▶ _TASK STATEMENT_
A faithful copy of the data, pictures omitted, is the required answer.

▶ _DATASET EXCERPT_
-- Opening Marker --

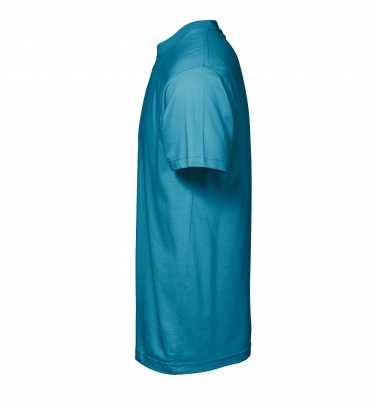 Klasyczny t-shirt z okrągłym dekoltem, wykończonym poczwórnym ściągaczem. Taśmy wzmacniające na karku i w ramionach. Zachowuje swój kształt nawet po wielokrotnym praniu.
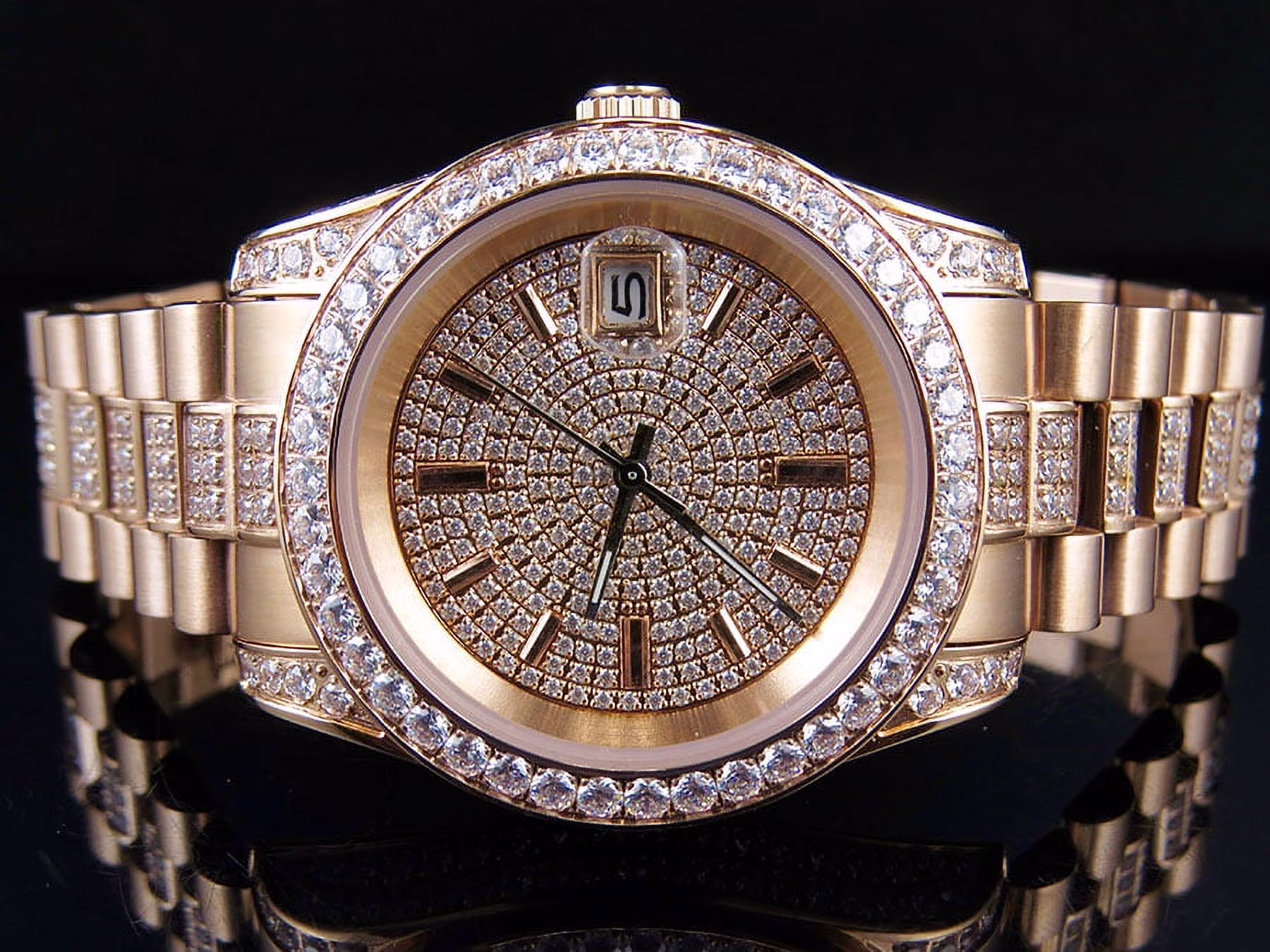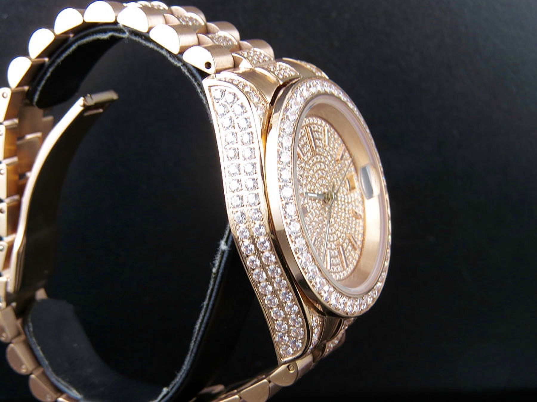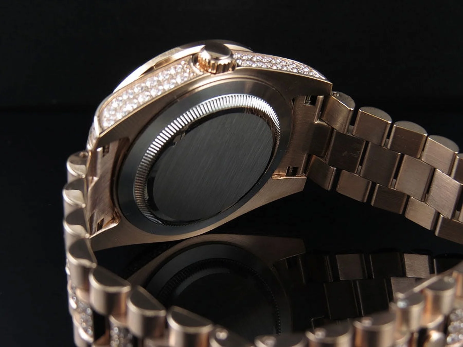 Mens Rose Gold Stainless Steel Presidential Simulated Diamond Watch 41MM
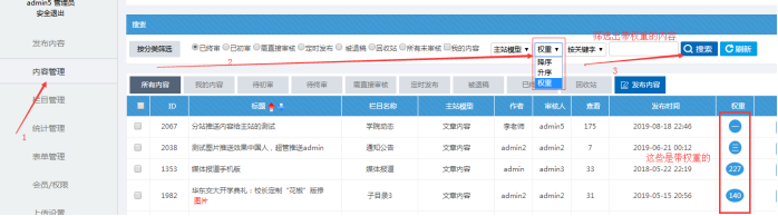 C:權重篩選:后臺--點擊內容管理----選擇權重----點擊搜索; 就可以看到設置了權重的所有內容
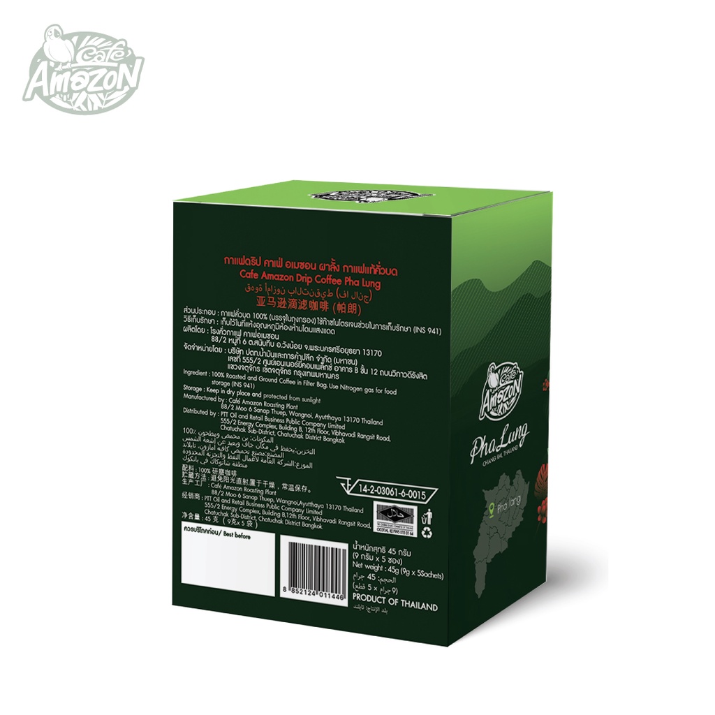 Café Amazon Drip Coffee กาแฟดริป คาเฟ่ อเมซอน (ผาลั้ง) 1 กล่อง บรรจุ 5 ซอง

-- Closing Marker --

▶ _RESPONSE_
 Klasyczny t-shirt z okrągłym dekoltem, wykończonym poczwórnym ściągaczem. Taśmy wzmacniające na karku i w ramionach. Zachowuje swój kształt nawet po wielokrotnym praniu.
 Mens Rose Gold Stainless Steel Presidential Simulated Diamond Watch 41MM
 C:權重篩選:后臺--點擊內容管理----選擇權重----點擊搜索; 就可以看到設置了權重的所有內容
 Café Amazon Drip Coffee กาแฟดริป คาเฟ่ อเมซอน (ผาลั้ง) 1 กล่อง บรรจุ 5 ซอง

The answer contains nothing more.